### PROBLEM TO WORK ON
Exact copies of the lines below, from the one with "GPT-5.1 Thinking, לעומתו, מיועד" up to and including the one with "千葉縣正招募秋季旅遊商品並協", are what this calls for; leave out pictures.

### THE DATA
•••••

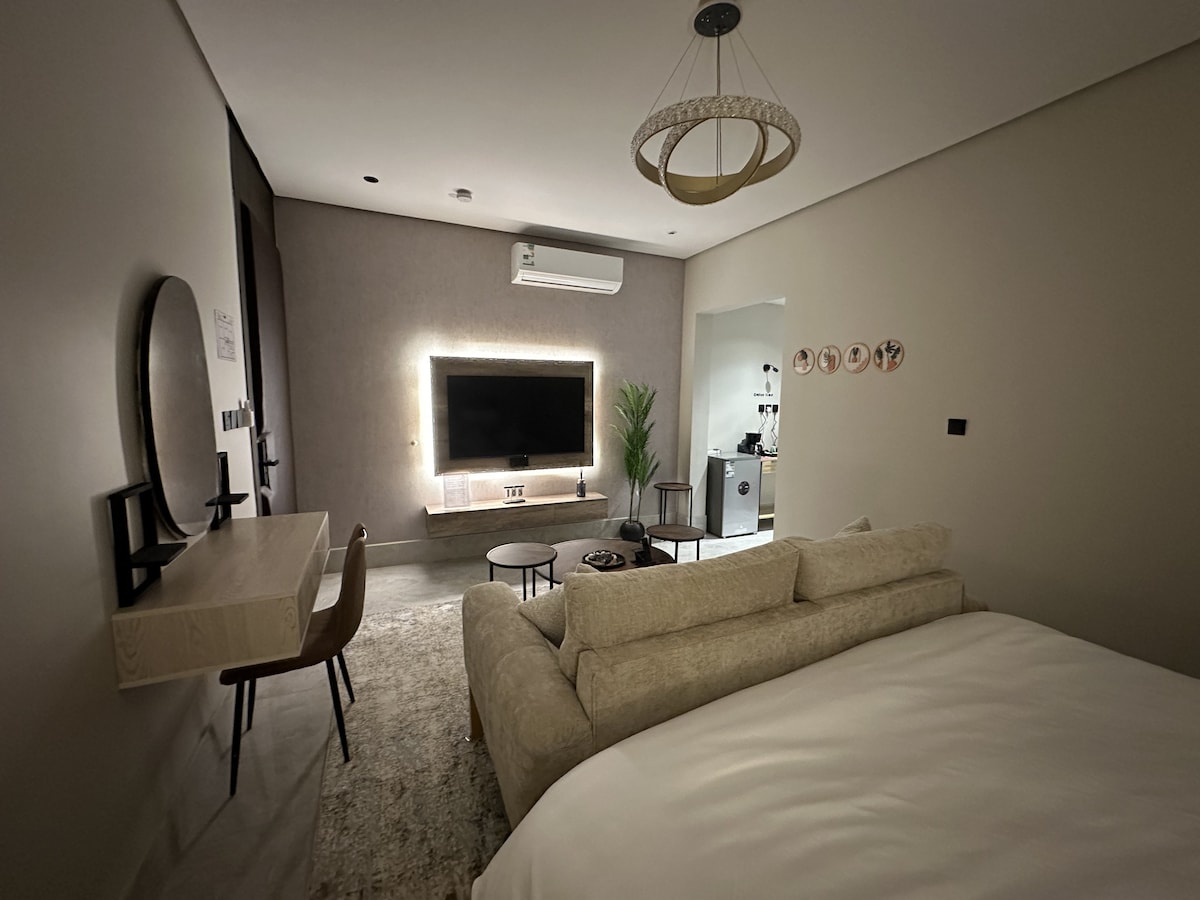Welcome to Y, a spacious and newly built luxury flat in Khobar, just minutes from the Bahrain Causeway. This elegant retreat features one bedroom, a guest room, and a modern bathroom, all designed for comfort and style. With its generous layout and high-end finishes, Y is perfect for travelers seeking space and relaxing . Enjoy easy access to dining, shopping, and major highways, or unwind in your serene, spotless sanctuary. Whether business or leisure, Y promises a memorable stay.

•••••

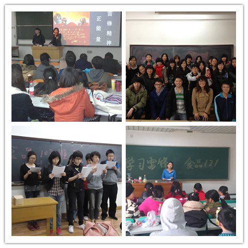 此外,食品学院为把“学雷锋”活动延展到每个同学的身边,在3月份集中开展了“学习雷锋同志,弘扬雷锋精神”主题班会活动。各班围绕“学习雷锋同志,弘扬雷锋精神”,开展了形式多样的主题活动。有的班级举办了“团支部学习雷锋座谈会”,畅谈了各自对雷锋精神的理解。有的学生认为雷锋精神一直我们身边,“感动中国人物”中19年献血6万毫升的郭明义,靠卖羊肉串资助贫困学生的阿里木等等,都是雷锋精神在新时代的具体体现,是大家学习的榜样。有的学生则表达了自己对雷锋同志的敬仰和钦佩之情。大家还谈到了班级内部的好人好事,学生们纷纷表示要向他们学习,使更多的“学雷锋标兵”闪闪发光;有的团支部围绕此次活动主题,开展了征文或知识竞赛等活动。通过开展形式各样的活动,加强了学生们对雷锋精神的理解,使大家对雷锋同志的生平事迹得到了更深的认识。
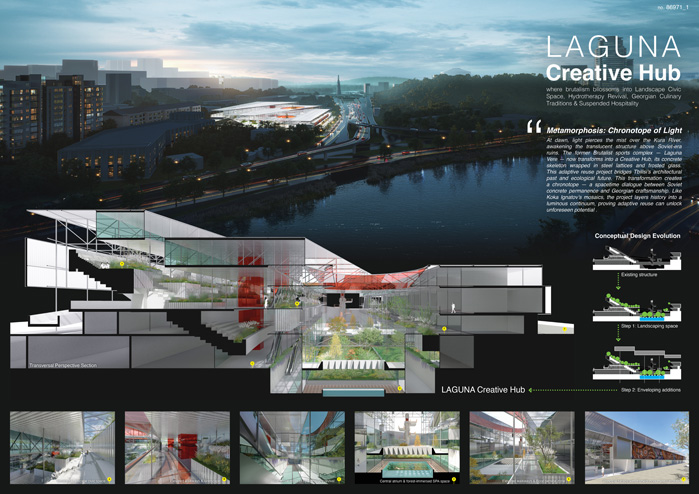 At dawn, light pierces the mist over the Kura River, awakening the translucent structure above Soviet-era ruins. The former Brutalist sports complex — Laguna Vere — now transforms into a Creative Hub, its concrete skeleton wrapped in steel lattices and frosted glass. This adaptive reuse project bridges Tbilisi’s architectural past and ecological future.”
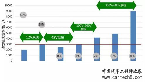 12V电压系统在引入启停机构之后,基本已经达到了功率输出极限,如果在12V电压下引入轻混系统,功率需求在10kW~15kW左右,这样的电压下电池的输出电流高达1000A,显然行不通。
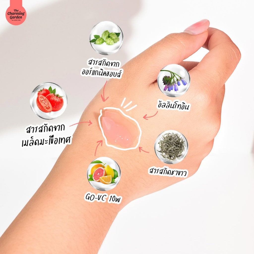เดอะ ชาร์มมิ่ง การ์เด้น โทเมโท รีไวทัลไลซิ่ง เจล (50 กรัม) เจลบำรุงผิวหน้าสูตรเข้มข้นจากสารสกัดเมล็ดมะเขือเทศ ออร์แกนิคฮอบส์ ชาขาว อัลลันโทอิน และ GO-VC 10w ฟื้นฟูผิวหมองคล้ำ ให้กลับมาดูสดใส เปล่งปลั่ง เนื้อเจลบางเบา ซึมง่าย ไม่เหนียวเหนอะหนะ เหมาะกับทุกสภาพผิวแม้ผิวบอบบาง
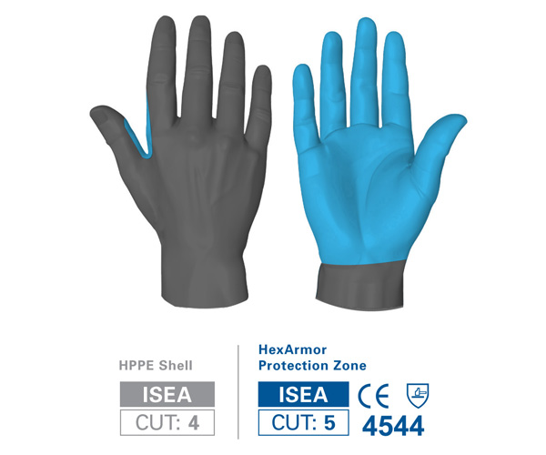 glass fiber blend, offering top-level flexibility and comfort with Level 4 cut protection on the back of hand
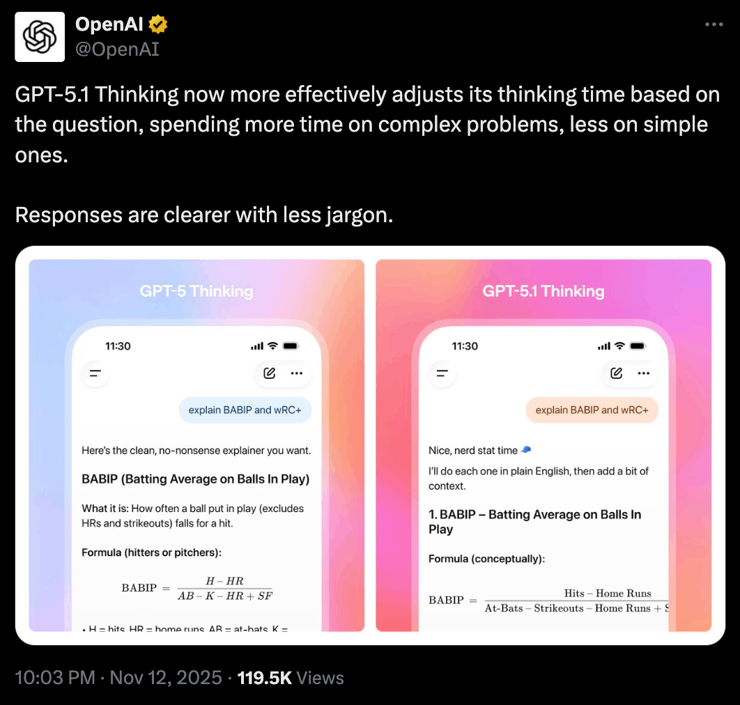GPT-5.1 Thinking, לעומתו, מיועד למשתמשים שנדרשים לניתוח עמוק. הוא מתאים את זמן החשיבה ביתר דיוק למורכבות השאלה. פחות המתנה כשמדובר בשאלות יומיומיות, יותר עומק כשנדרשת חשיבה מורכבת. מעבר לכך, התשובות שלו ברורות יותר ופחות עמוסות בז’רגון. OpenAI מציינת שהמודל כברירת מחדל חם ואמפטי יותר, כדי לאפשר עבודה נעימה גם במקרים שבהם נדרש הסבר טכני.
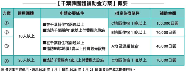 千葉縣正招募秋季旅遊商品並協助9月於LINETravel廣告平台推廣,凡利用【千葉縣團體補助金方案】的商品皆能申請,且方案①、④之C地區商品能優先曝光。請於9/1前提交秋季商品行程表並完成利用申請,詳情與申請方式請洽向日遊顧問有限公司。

•••••

### OUTPUT FOR THIS TASK
GPT-5.1 Thinking, לעומתו, מיועד למשתמשים שנדרשים לניתוח עמוק. הוא מתאים את זמן החשיבה ביתר דיוק למורכבות השאלה. פחות המתנה כשמדובר בשאלות יומיומיות, יותר עומק כשנדרשת חשיבה מורכבת. מעבר לכך, התשובות שלו ברורות יותר ופחות עמוסות בז’רגון. OpenAI מציינת שהמודל כברירת מחדל חם ואמפטי יותר, כדי לאפשר עבודה נעימה גם במקרים שבהם נדרש הסבר טכני.
 千葉縣正招募秋季旅遊商品並協助9月於LINETravel廣告平台推廣,凡利用【千葉縣團體補助金方案】的商品皆能申請,且方案①、④之C地區商品能優先曝光。請於9/1前提交秋季商品行程表並完成利用申請,詳情與申請方式請洽向日遊顧問有限公司。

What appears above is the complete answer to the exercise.